Остальные молча рассаживались по своим стульям. Нас было десять. Более уверенные в себе – суровый взгляд, волосы собраны в тугой пучок – смотрели прямо перед собой, другие нервно озирались. Девушка напротив меня прикусила губу, оторвала кусочек кожи и быстро перетерла его резцами. Ее пухлые щеки горели румянцем. Она тоже была голодна.

К одиннадцати утра есть хотели уже все. И дело вовсе не в чистом деревенском воздухе и не в долгой поездке на автобусе: бездонную дыру в желудках проделал страх. Страх и голод, нами уже несколько лет двигали только страх и голод. Стоило почуять запах еды, как кровь прилила к вискам, а рот непроизвольно наполнился слюной. Я снова взглянула на девушку с румянцем во всю щеку: она горела тем же желанием, что и я.


Стручковая фасоль тонула в топленом масле – я не пробовала его со дня свадьбы, – ноздри щипал терпкий аромат поджаренных перцев. Моя тарелка наполнялась, а я лишь глядела на нее, боясь пошевелиться. Девушке напротив меня достался рис с горошком.
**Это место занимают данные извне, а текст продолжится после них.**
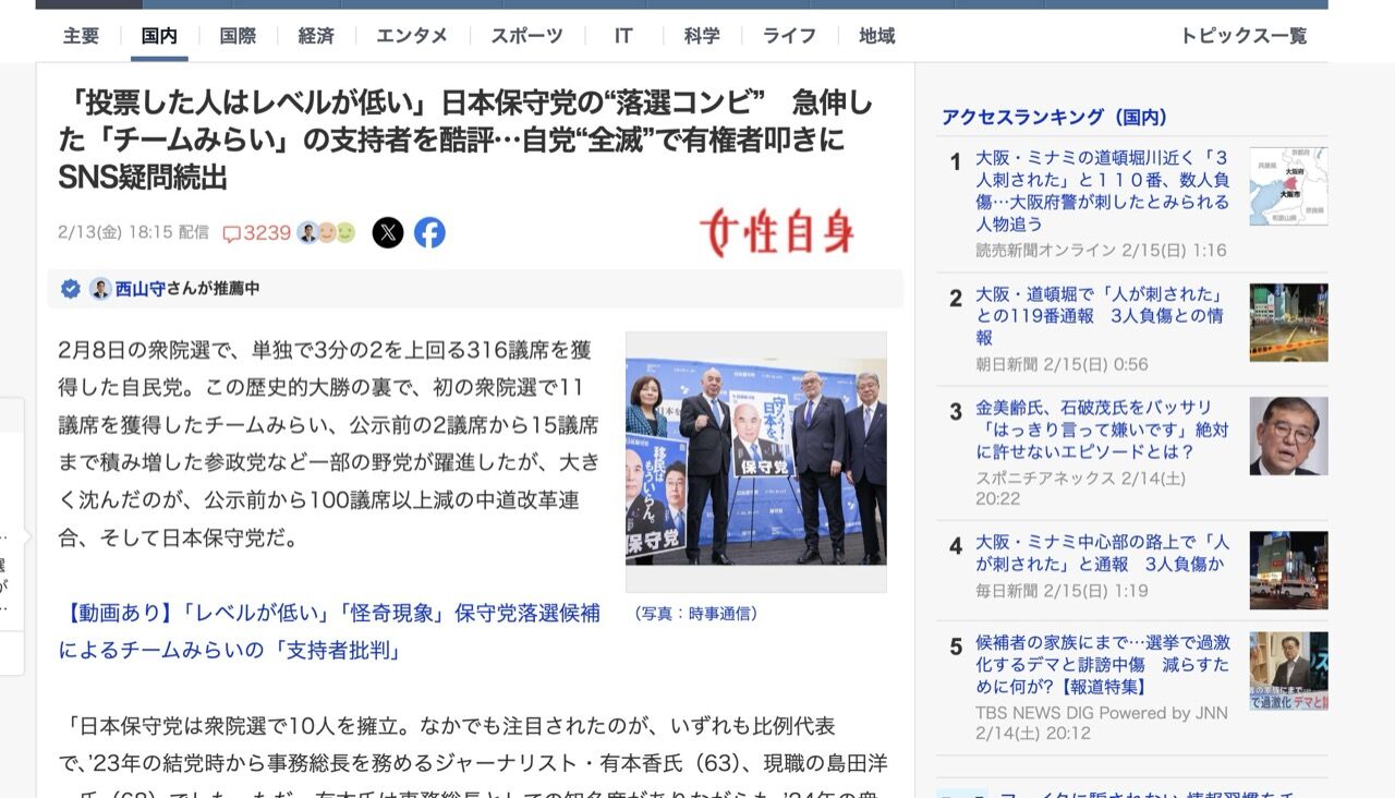 《国政政党幹部が他党に投票した有権者をレベルがかなり低いと侮辱。それがダメな事だとさえわからないレベルなのが日本保守党》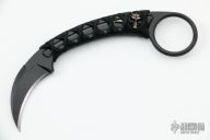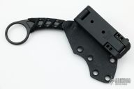 This PiKa is a Doug Marcaida design produced by Bastinelli Knives, it features a chisel ground black Cerakote hawkbill blade with swedge, .150" blade stock and .678" blade depth, full tang construction. The handle has black cord wrap with bronze menuki. Comes with kydex sheath with Dots belt clip. Comes with original box.  New from Maker!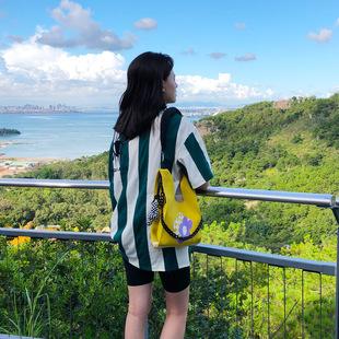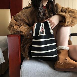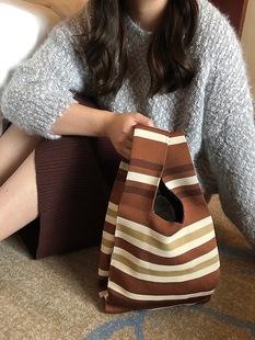 Bolso de punto a rayas coreano de primavera y verano, bolso de lana, bolso de mano para caminar, para ir de compras, chaleco perezoso, bolso tejido |

«Ешьте», – донеслось из угла комнаты: скорее приглашение, чем приказ. Конечно, наши горящие глаза, приоткрытые рты и учащенное дыхание было трудно не заметить. И все же мы колебались: приступать или дождаться пожеланий приятного аппетита? И потом, вдруг еще есть возможность подняться и заявить: «Нет, спасибо, куры нынче щедро несутся, мне и яичка хватит».

Я снова пересчитала сидящих за столом: десять. Ну, хотя бы не тайная вечеря.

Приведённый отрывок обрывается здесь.